The bracket $\langle \rangle$ means taking average over the region of which the scale is several times that of gravitational wave's wavelength. So the terms of total divergence, e.g. $\langle \partial_{\mu} (\cdots) \rangle$, will vanish.

But I have met a problem. Under gauge transformation, $\partial_{\beta} \bar{h}^{\alpha\beta} \partial_{\nu} \bar{h}_{\alpha\mu}$ will produce a term $\partial_{\beta} \bar{h}^{\alpha\beta}\partial_{\nu}\partial_{\alpha}\xi_{\mu}$. However, there is no other term of the order $O(h)$ would ever contain $\xi_{\mu}$ and so I find it impossible to eliminate it.

I have check a few textbooks GR, such as MTW (page 969-970) and Sean Carroll (page 307-310). But they just state that the pseudo stress-energy tensor is gauge invariant but give no detailed proof. And I also failed to find a paper which cover the proof.

Any help or recommendation for books/papers is appreciated!

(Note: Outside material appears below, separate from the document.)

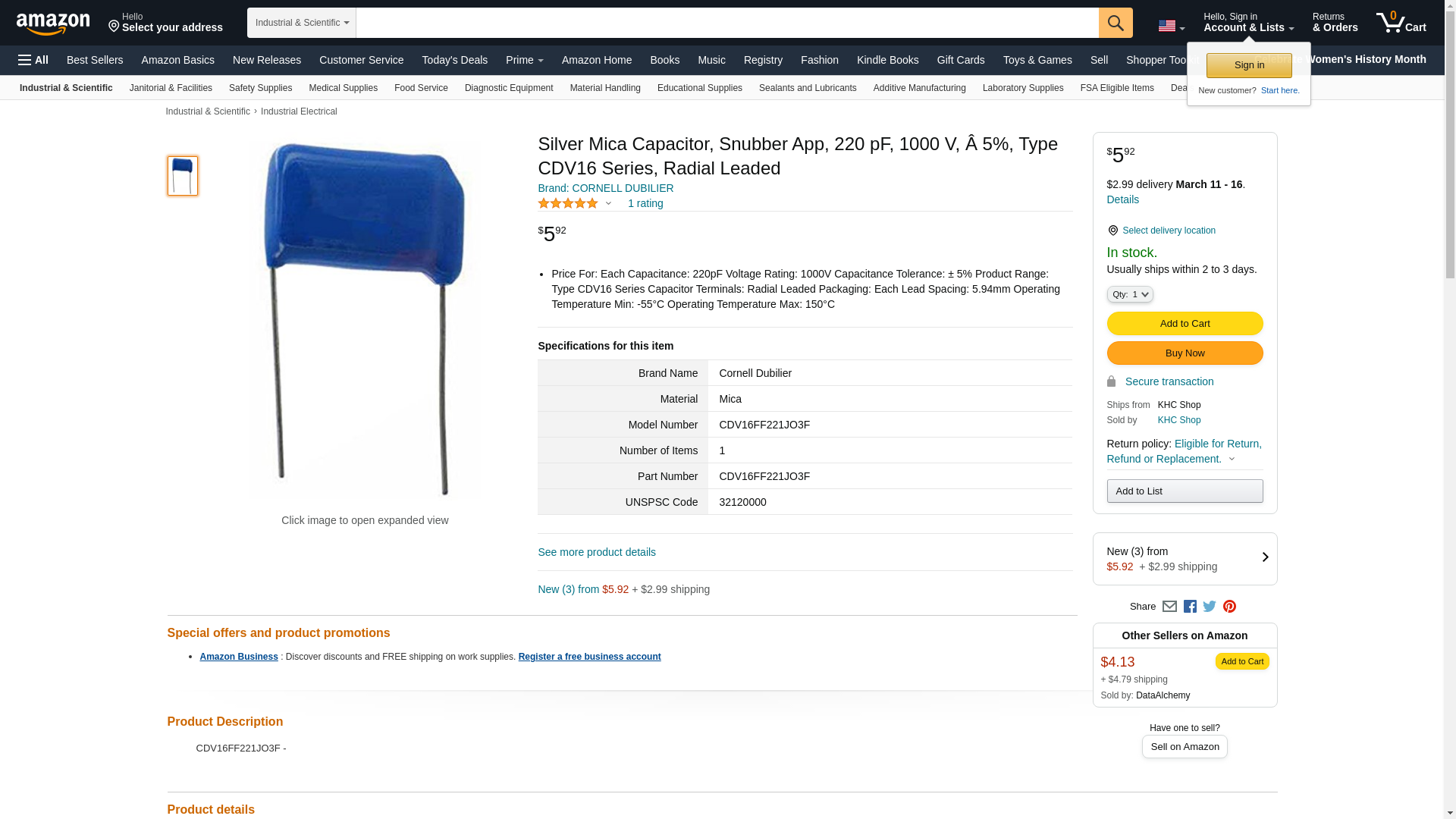 | Onlinecomponents.com | CDV16FF221JO3F | 1 | 1 | 1 @ $0.97, 2 @ $0.90, 26 @ $0.85, 101 @ $0.79, 201 @ $0.72, 501 @ $0.59, 1001 @ $0.56 |

Some additional information:

In Padmanabhan's book Gravitation, page 422, there is an example illustrating the gauge dependence of the energy of the gravitational waves.

Consider a gravitational wave of the form $h_{ab}=f^{\prime\prime}(u)yzk_{a}k_{b}$, where $u = t-x$ and $k_a = \partial_a u$. Show that, while this is a valid gravitational wave solution, its energy-momentum tensor vanishes. Argue that it is, however, possible to change the gauge and transform $h_{ab}$ to the form $h_{ab}^{\prime}=f(u)\left(\delta_{a}^{y}\delta_{b}^{z}+\delta_{a}^{z}\delta_{b}^{y}\right)$ when the energy-momentum tensor is nonzero and has the form $t_{ab} \propto f^{\prime 2}k_a k_b$.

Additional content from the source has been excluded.